이번 실습에서는 LeNet의 기본 구조를 따라가되, 몇 가지 파라미터를 수정하고 Batch Normalization 모듈을 추가하여 실험을 진행할 것입니다.

In [None]:
class LeNet(nn.Module):
    """"Network used for MNIST or USPS experiments."""

    def __init__(self, num_classes=10, weights_init_path=None):
        super(LeNet, self).__init__()
        self.num_classes = num_classes
        self.num_channels = 3
        self.image_size = 28
        self.name = 'LeNet'
        self.setup_net()

        if weights_init_path is not None:
            init_weights(self)
            self.load(weights_init_path)
        else:
            init_weights(self)

    def setup_net(self):
        self.conv1 = nn.Conv2d(self.num_channels, 20, kernel_size=5)
        self.bn1 = nn.BatchNorm2d(20)
        self.pool1 = nn.MaxPool2d(2)
        self.conv2 = nn.Conv2d(20, 50, kernel_size=5)
        self.bn2 = nn.BatchNorm2d(50)
        self.pool2 = nn.MaxPool2d(2)

        # 28 - 5 + 1 = 24
        # (24 - 2)/2 + 1 = 12
        # 12 - 5 + 1 = 8
        # (8 - 2)/2 + 1 = 4
        self.fc1 = nn.Linear(50 * 4 * 4, 500)
        self.fc2 = nn.Linear(500, self.num_classes)

    def forward(self, x, with_ft=False):
        x = self.conv1(x)
        x = self.bn1(x)
        x = self.pool1(F.relu(x))
        x = self.conv2(x)
        x = self.bn2(x)
        x = self.pool2(F.relu(x))
        x = x.view(x.size(0), -1)
        x = self.fc1(x)
        x = self.fc2(F.relu(x))
        feat = x

        if with_ft:
            return x, feat
        else:
            return x

    def load(self, init_path):
        net_init_dict = torch.load(init_path)
        init_weights(self)
        updated_state_dict = self.state_dict()
        print('load {} params.'.format(init_path))
        for k, v in updated_state_dict.items():
            if k in net_init_dict:
                if v.shape == net_init_dict[k].shape:
                    updated_state_dict[k] = net_init_dict[k]
                else:
                    print(
                        "{0} params' shape not the same as pretrained params. Initialize with default settings.".format(
                            k))
            else:
                print("{0} params does not exist. Initialize with default settings.".format(k))
        self.load_state_dict(updated_state_dict)

## DSBN을 포함한 LeNet 구현하기
이제 DSBN을 LeNet을 구현해봅니다.

In [None]:
class DSBNLeNet(nn.Module):
    """"Network used for MNIST or USPS experiments. Conditional Batch Normalization is added."""

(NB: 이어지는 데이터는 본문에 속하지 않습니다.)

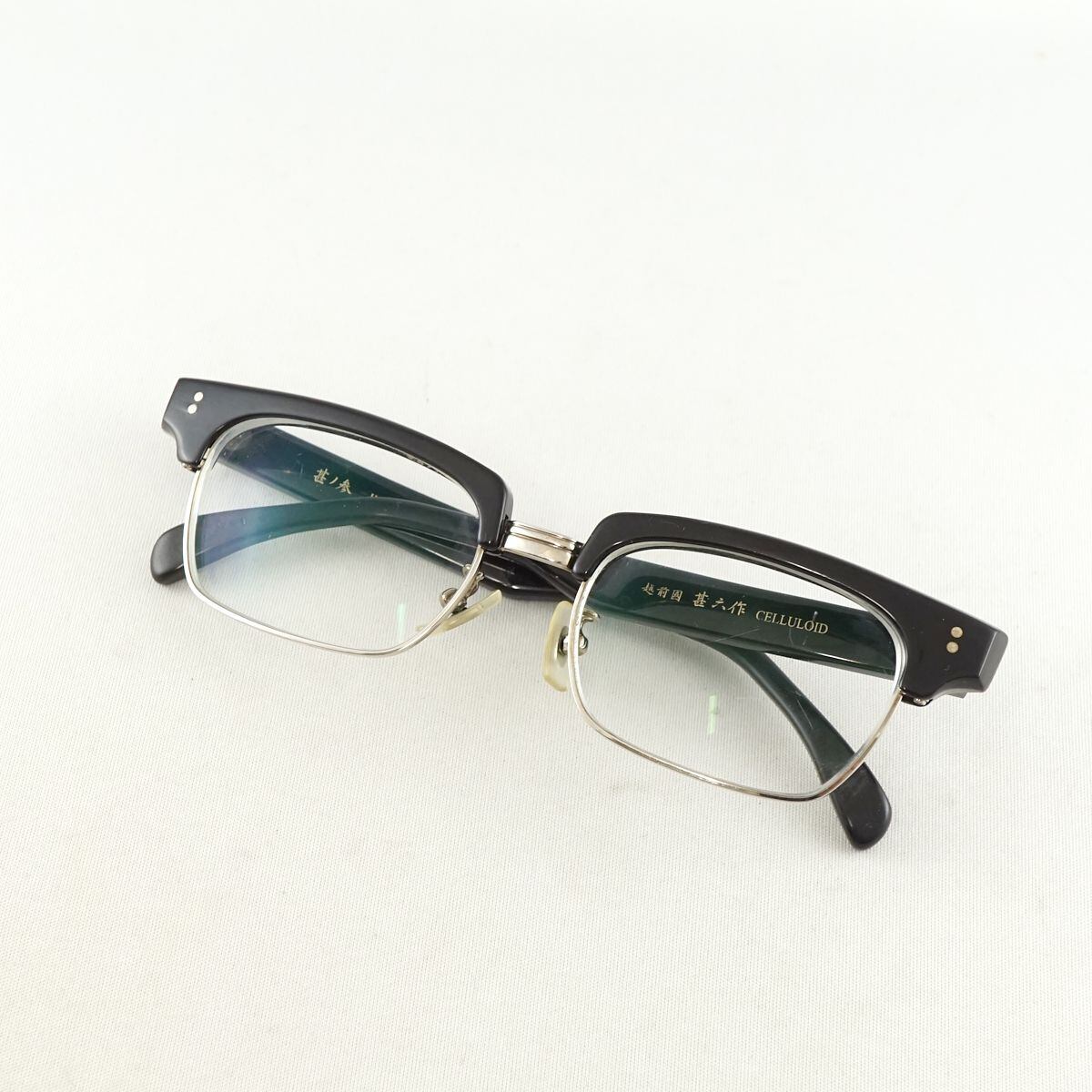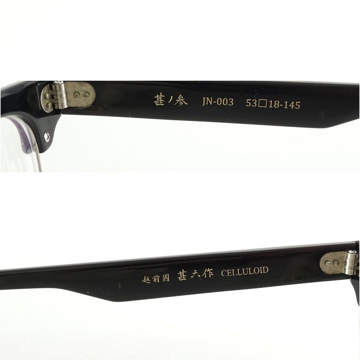 眼鏡 越前國甚六作 甚ノ参 JN-003 USED品 セルロイド 日本製 サーモントフレーム メガネ アイウェア 高級 鯖江 中古 X5852

    def __init__(self, num_classes=10, weights_init_path=None, num_domains=2):
        super(DSBNLeNet, self).__init__()
        self.num_classes = num_classes
        self.num_channels = 3
        self.image_size = 28
        self.num_domains = num_domains
        self.name = 'DSBNLeNet'
        self.setup_net()

        if weights_init_path is not None:
            init_weights(self)
            self.load(weights_init_path)
        else:
            init_weights(self)

    def setup_net(self):
        ############ TODO #############
        '''
        위 LeNet을 참고하여 DSBN을 포함시킨 DSBNLeNet을 완성하세요.
        '''

        self.conv1 = nn.Conv2d(self.num_channels, 20, kernel_size=5)
        self.bn1 = DomainSpecificBatchNorm2d(20, self.num_domains)
        self.pool1 = nn.MaxPool2d(2)
        self.conv2 = nn.Conv2d(20, 50, kernel_size=5)
        self.bn2 = DomainSpecificBatchNorm2d(50, self.num_domains)
        self.pool2 = nn.MaxPool2d(2)

        self.fc1 = nn.Linear(50 * 4 * 4, 500)
        self.fc2 = nn.Linear(500, self.num_classes)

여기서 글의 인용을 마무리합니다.